The Kazekage glares darkly down at all the specifications, and the letter he's received. He's been played for a fool; that seems obvious to him now, and he wonders how he hadn't been able to see it from the start. _I must have been blind and desperate not to see this for a sham. He was nothing more than a viper trying to get into the nest, and I couldn't see it. How far could this have gotten if I hadn't gotten this letter? Would I have only realized Orochimaru was using Suna for his own ends when the Sound ninja disappeared in the middle of our attack on Konohagakure?_

Orochimaru and his underlings (only one of whom, Kabuto, still remains in the city at the moment) will have to be expelled from Sunagakure, their fledgling alliance scrapped. To that end, there will have to be a confrontation.

 _Outside of the village should be better_ , the Kazekage muses. _This could very well lead to violence, and Orochimaru has a reputation for incurring a great deal of collateral damage when he fights. At least somewhere away from the village, there's less likely to be civilian casualties._

A flicker of doubt stops him cold for a moment, before he brushes it away.

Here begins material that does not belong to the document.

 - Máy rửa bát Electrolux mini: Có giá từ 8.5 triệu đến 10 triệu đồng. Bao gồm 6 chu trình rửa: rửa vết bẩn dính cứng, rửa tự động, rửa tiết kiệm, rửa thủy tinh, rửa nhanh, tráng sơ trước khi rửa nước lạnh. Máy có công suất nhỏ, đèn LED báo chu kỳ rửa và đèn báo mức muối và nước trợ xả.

_It should be fine. He may not even risk a fight over it._

-0-0-0-

Perhaps he had been too arrogant, the Kazekage decides later, and karma, though he's never understood the concept very well, is punishing him for the arrogance of entertaining the thought that Orochimaru had, like so many shinobi past their prime, come to rest on their laurels. As he has discovered in this moment, he certainly had not.

It was over pathetically quickly. The Kazekage wasn't even able to get a shot of his own in before he was lying face down on the ground, the two guards he'd brought with him dead, and he himself gagging on his own blood. Grasping thought remarkably well for a man in his condition, he revises his opinion: He _was_ arrogant, to know the sort of reputation Orochimaru has and to think that he could be alone with him where no one could see, and lower his guard for even a moment.

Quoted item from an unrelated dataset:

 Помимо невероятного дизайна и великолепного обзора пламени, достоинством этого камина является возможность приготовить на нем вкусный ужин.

It occurs to the Kazekage that perhaps he should be more concerned about the fact that he's dying, but really, that seems… It just seems… It just seems really quite unreasonable, to be worried about dying.

He's more worried about the village, and what will happen to it once he is gone. What will Orochimaru do? How long will it take the men back home to realize that he's gone, and elect a successor so Kaze will remain stable? Who will come after him into the title of Kazekage? Will there be anyone capable of taking up the role? Will there even be anyone willing to take up the role?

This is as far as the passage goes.